- [Problem to solve]: Look below for the line that contains "The Department of", and write out exactly that line and all remaining lines of the listing, omitting pictures.

- [Data shown]:
Content starts

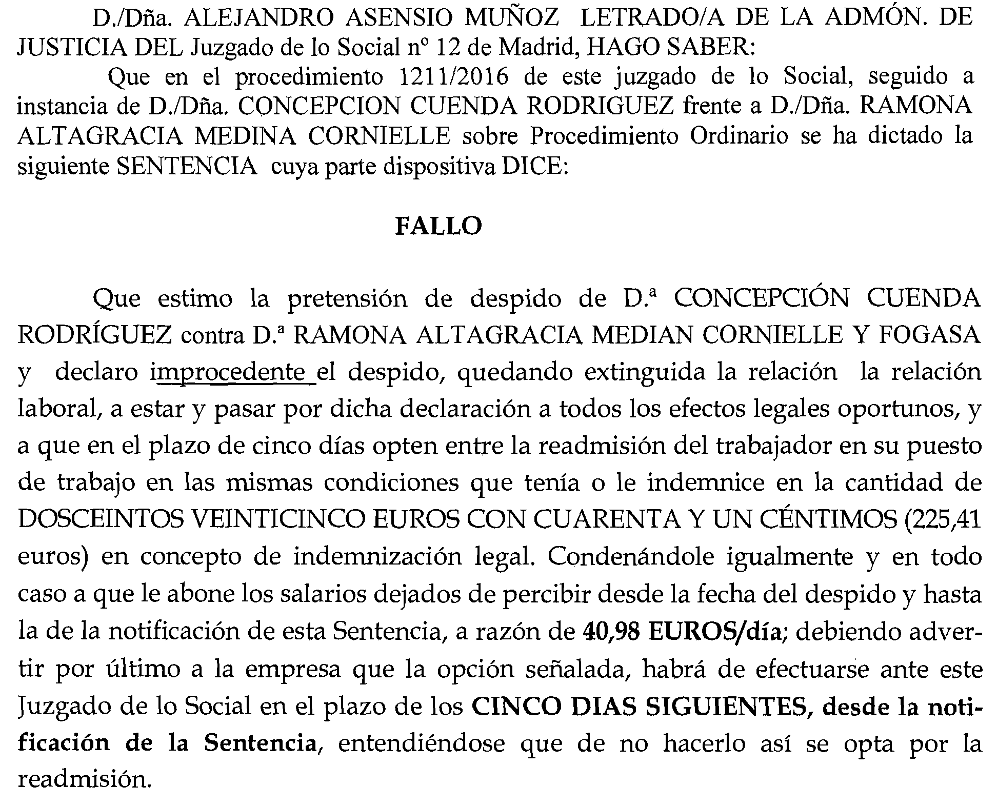 Madrid número 12. Procedimiento 1.211 de 2016, notificación a Ramona Altagracia Medina Cornielle
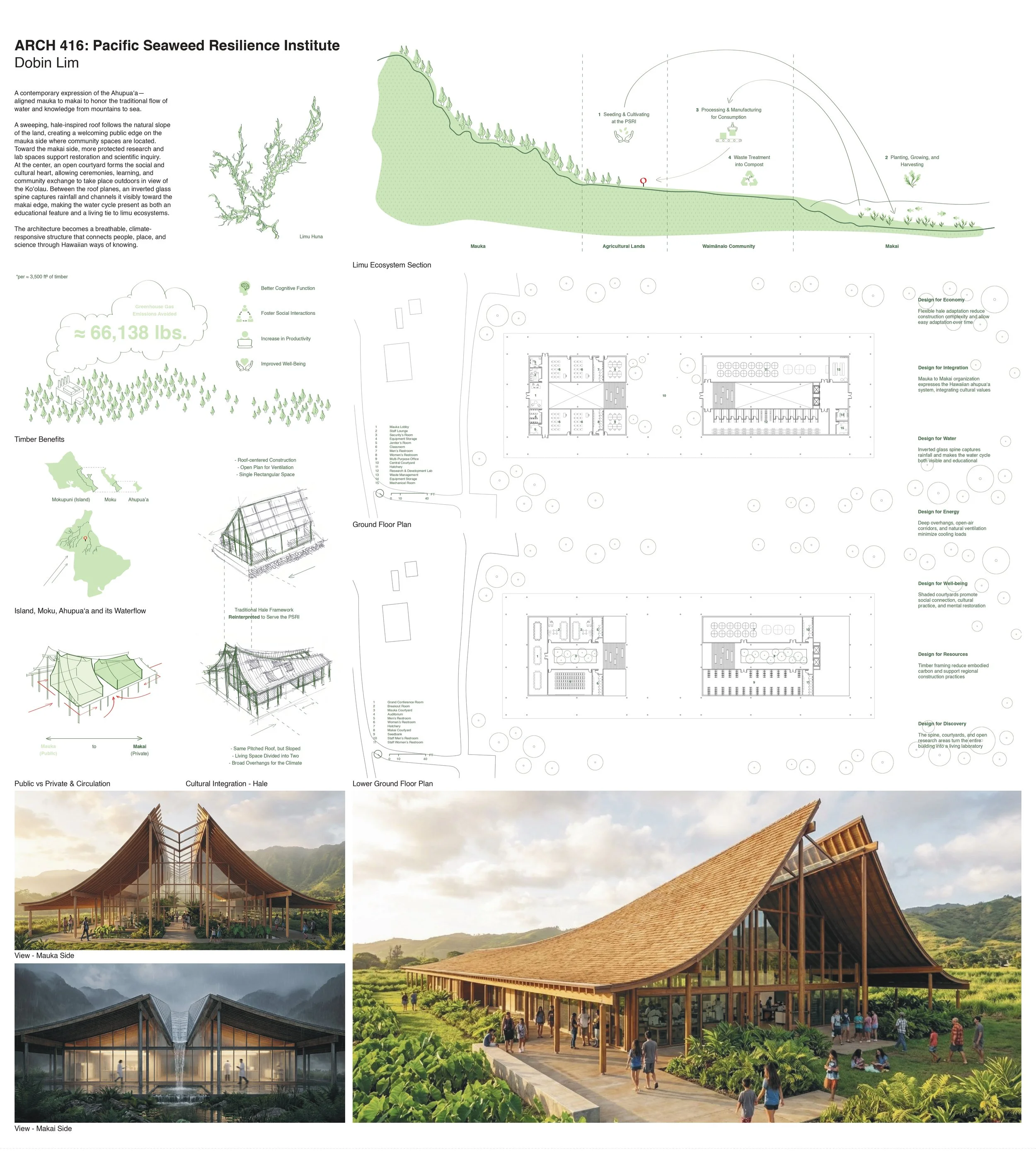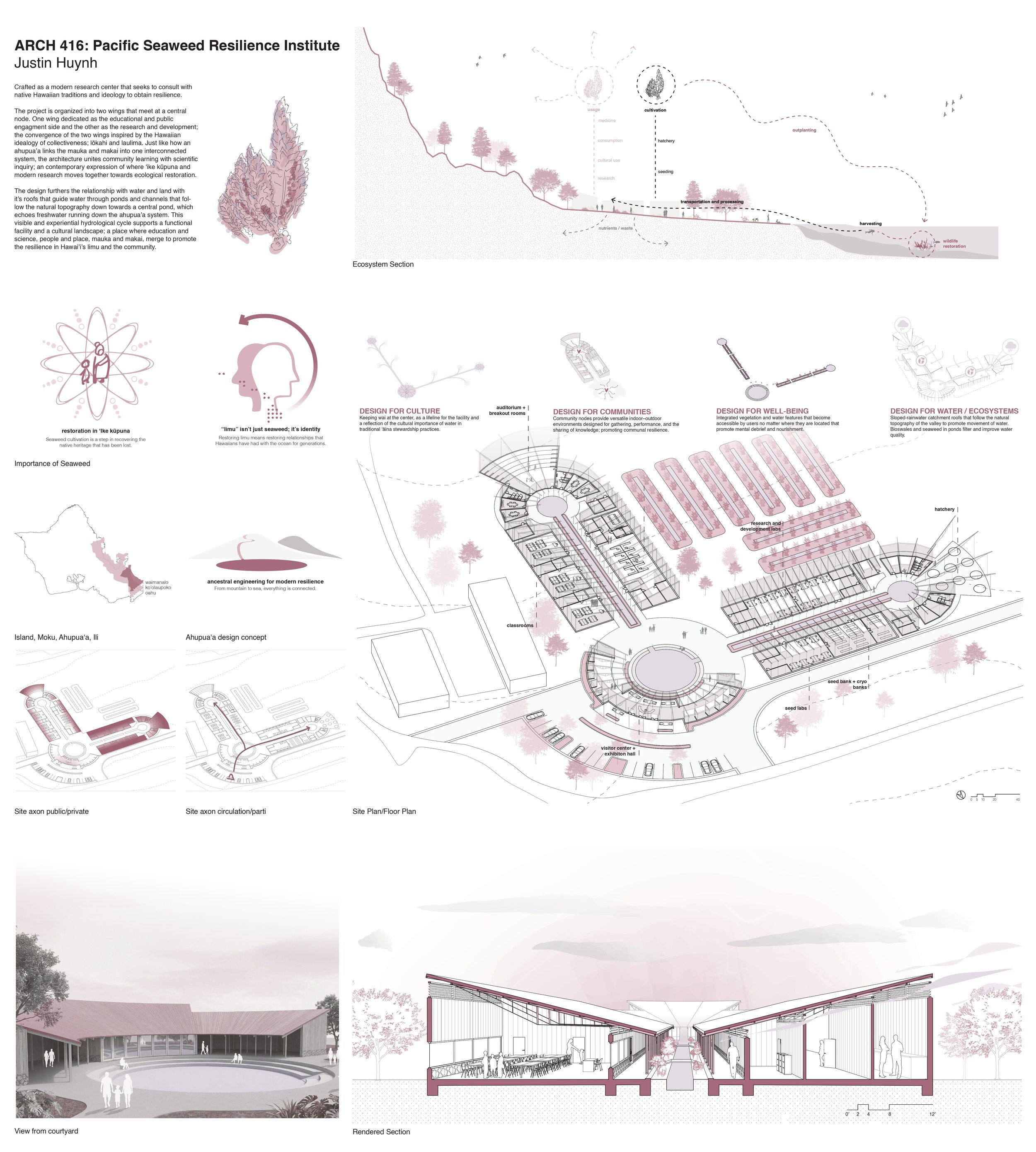 The Department of Agriculture and Biosecurity (DAB) is interested in developing ideas for a Pacific Seaweed Resilience Institute (PSRI) to house advanced seaweed genomics research and seedbanking facilities, integrate Hawaiian and Pacific Islander stewardship practices, support regional collaboration and exchange, demonstrate climate adaptive design strategies, and foster community engagement and education. DAB is partnering with the University of Hawai’i Community Design Center (UHCDC) and the UHM School of Architecture to provide students with opportunities to align their learning with these project goals.
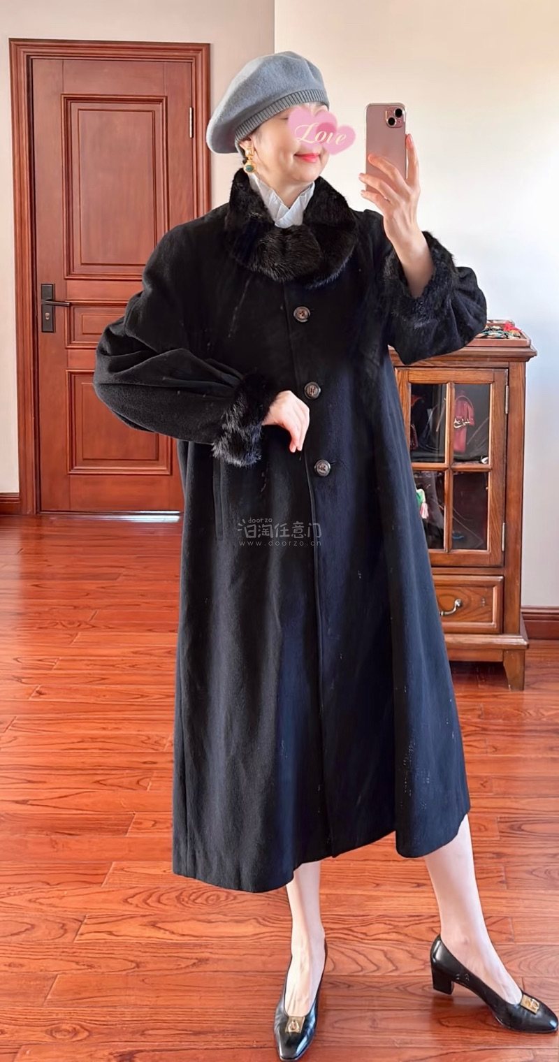 カシミヤ100% バルマン ロングコート ファー 黒 11号BALMAIN;没有明显的损伤或污渍

Content ends

- [Finished task]:
 The Department of Agriculture and Biosecurity (DAB) is interested in developing ideas for a Pacific Seaweed Resilience Institute (PSRI) to house advanced seaweed genomics research and seedbanking facilities, integrate Hawaiian and Pacific Islander stewardship practices, support regional collaboration and exchange, demonstrate climate adaptive design strategies, and foster community engagement and education. DAB is partnering with the University of Hawai’i Community Design Center (UHCDC) and the UHM School of Architecture to provide students with opportunities to align their learning with these project goals.
 カシミヤ100% バルマン ロングコート ファー 黒 11号BALMAIN;没有明显的损伤或污渍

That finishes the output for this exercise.